Norwegian University of Science and Technology

Status

Enrolling

Conditions

Cognitive Impairment
Mild Cognitive Impairment
Alzheimer Disease, Late Onset
Dementia

Treatments

Device: 64-channel EEG
Biological: Fecal samples
Behavioral: Cognitive tests
Device: MRI Scanning
Biological: Blood samples
Device: Polysomnography

Study type

Observational

Funder types

Other

Identifiers

NCT06448403
626476

Details and patient eligibility

About

The goal of this study is to learn more about the changes in the brains of patients with cognitive impairment (MCI) and Alzheimer's Disease (AD).

The main questions the study aims to answer are:

  1. What findings can be used to earlier detect patients that will develop Alzheimers?
  2. Which differences are seen between healthy and cognitively impaired patients?
  3. Which differences are seen between patients with Alzheimers disease?

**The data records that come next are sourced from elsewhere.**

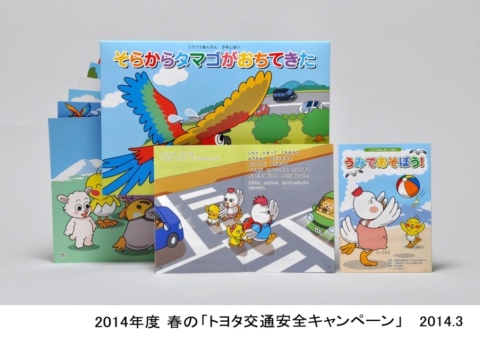 今回のキャンペーンでは、交通安全教材としての絵本約255万部を全国の幼稚園・保育所の全新入園児に、交通安全紙芝居約4.8万部を全国の幼稚園・保育所・図書館・児童館等へ贈呈する。 加えて、夜間の交通安全を啓発するチラシ約78万部を、全国の販売店等にご来店いただいたお客様に配布する。これらはご家庭での交通安全教育など、広くお役立ていただけるよう、ホームページへも掲載する。さらに、ホームページからお申込みいただいた方より抽選で20名様にトヨタ純正のチャイルドシート、ジュニアシートをプレゼントする。 この活動は1969年より毎年実施しており、本年で46年目を迎える。交通安全絵本と交通安全紙芝居の累計発行部数は、それぞれ約1億3,369万部と約147万部になる。 キャンペーンの全体概要は、以下のとおり。 <春の「トヨタ交通安全キャンペーン」概要> ■交通安全教材の贈呈 (1)クックのこうつうあんぜんえほん「うみであそぼう!」 対象:全国幼稚園・保育所の新入園児・保護者 内容:道路への急な飛び出しの危険性・チャイルドシートの着用 贈呈方法:全国の車両販売店より贈呈 部数:約255万部 (2)クックのこうつうあんぜんかみしばい「そらからタマゴがおちてきた」 対象:全国幼稚園・保育所・図書館・児童館 内容:自転車との衝突も想定した道路への急な飛び出しの危険性・信号・横断歩道の意味 贈呈方法:全国の車両販売店より贈呈(図書館・児童館にはトヨタより直接配布) 部数:約4.8万部 ■啓発チラシの配布 対象:ドライバー、歩行者 内容:「夜間の交通安全」(早めのライト点灯・反射材の着用啓発) 配布方法:全国の車両販売店・L&F店・部品共販店・レンタリース店 店頭、トヨタ関連施設にてお客様に配布 部数:約78万部 配布期間:4月1日(火)〜4月30日(水) ■トヨタ純正のチャイルドシート、ジュニアシートプレゼント http://www.toyota.co.jp/ehon/ 応募期間3月18日〜6月30日
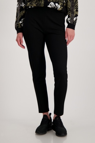 На сайте указаны российские размеры. Джеггинсы с карманами черного цвета из эластичной ткани с ребристым дизайном. Разделительные швы и карманы в боковых швах на молнии завершают модель. Рост модели 178 см Длина по внутреннему шву 72 см.
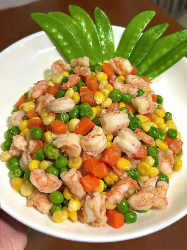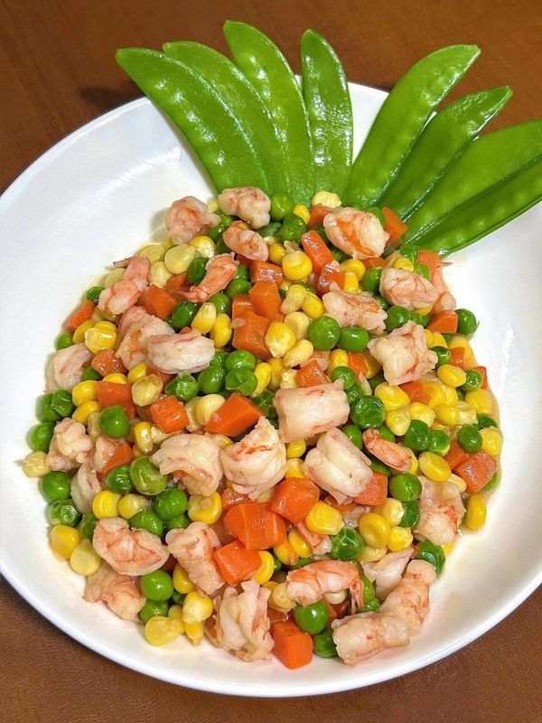 炒制虾仁和蔬菜:锅中再加入少许橄榄油,放入腌制好的虾仁翻炒至变色,接着加入胡萝卜丁、豌豆和玉米粒继续翻炒均匀。
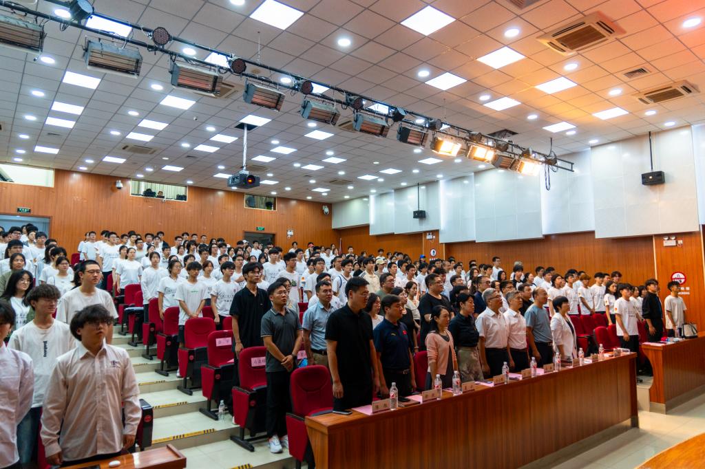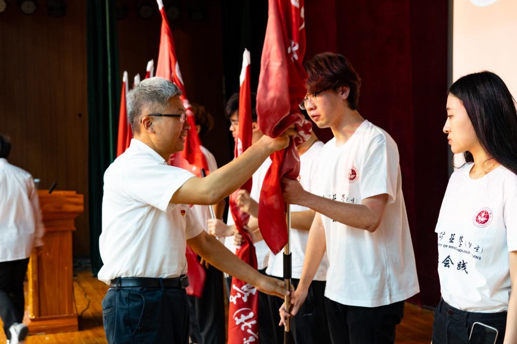 安宇为即将出征的各学院实践团队学生代表授旗。党委学生工作部部长赵麟宣读了学校2024年暑期社会实践校级重点团队名单。校团委书记孙铭晗介绍了2024年暑期社会实践活动的开展情况。
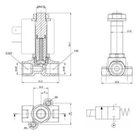 3/2 распределитель прямого действия с электромагнитным управлением.
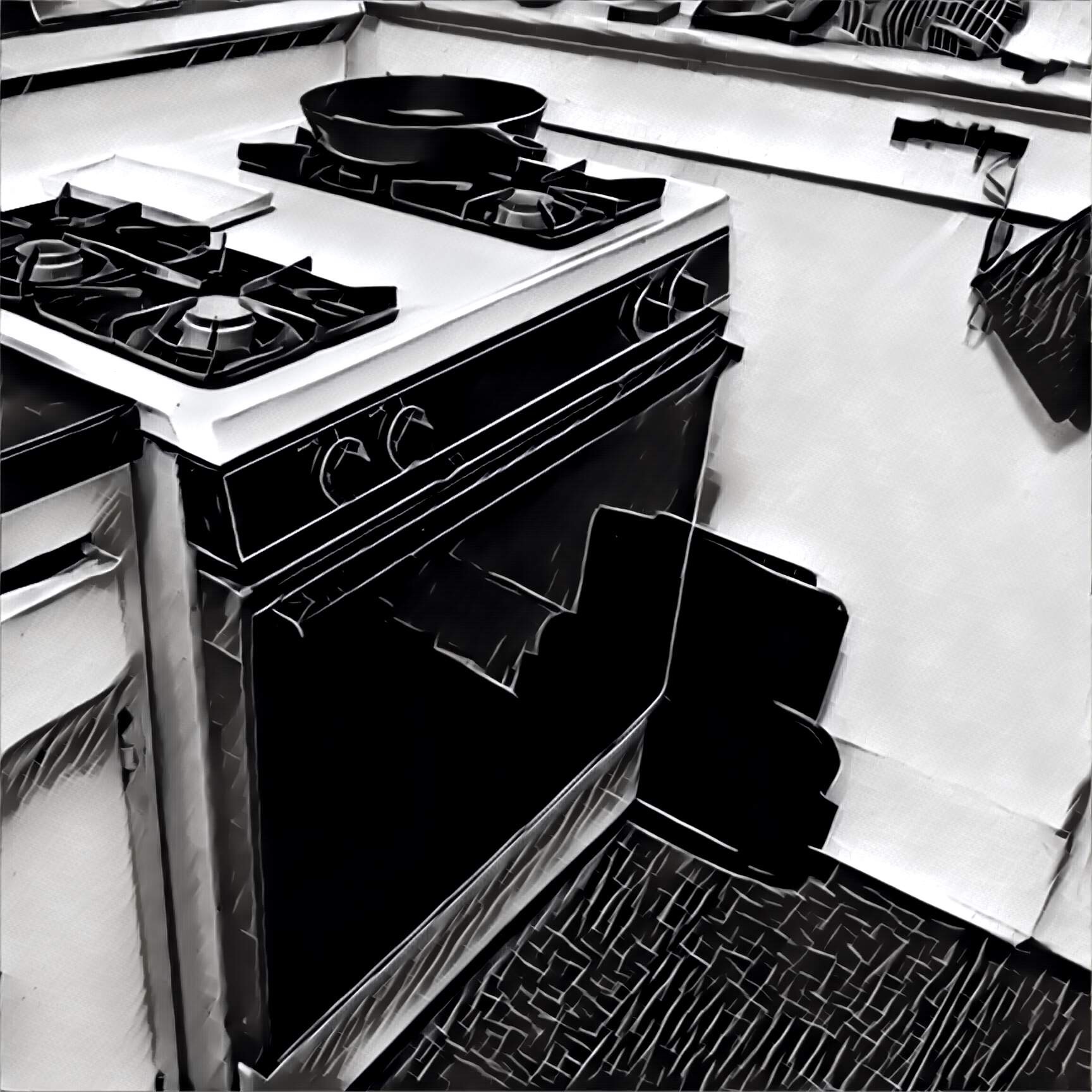 There’s also a box with the pro-style kitchen faucet that I can only describe using a whooshing sound spraying from my mouth accompanied by me waving my hand around simulating a hose clearing the coffee grounds down the drain.

Participants will undergo:

  • Cognitive tests
  • Magnetic resonance imaging (MRI)
  • Electroencephalography (EEG)
  • Blood sample collection
  • Fecal sample collection
  • A randomized group will undergo polysomnography analysis.

Full description

The projects aims to map brain changes in patients with mild cognitive impairment (MCI) and Alzheimer's Disease (AD) by combining different assesment modalities.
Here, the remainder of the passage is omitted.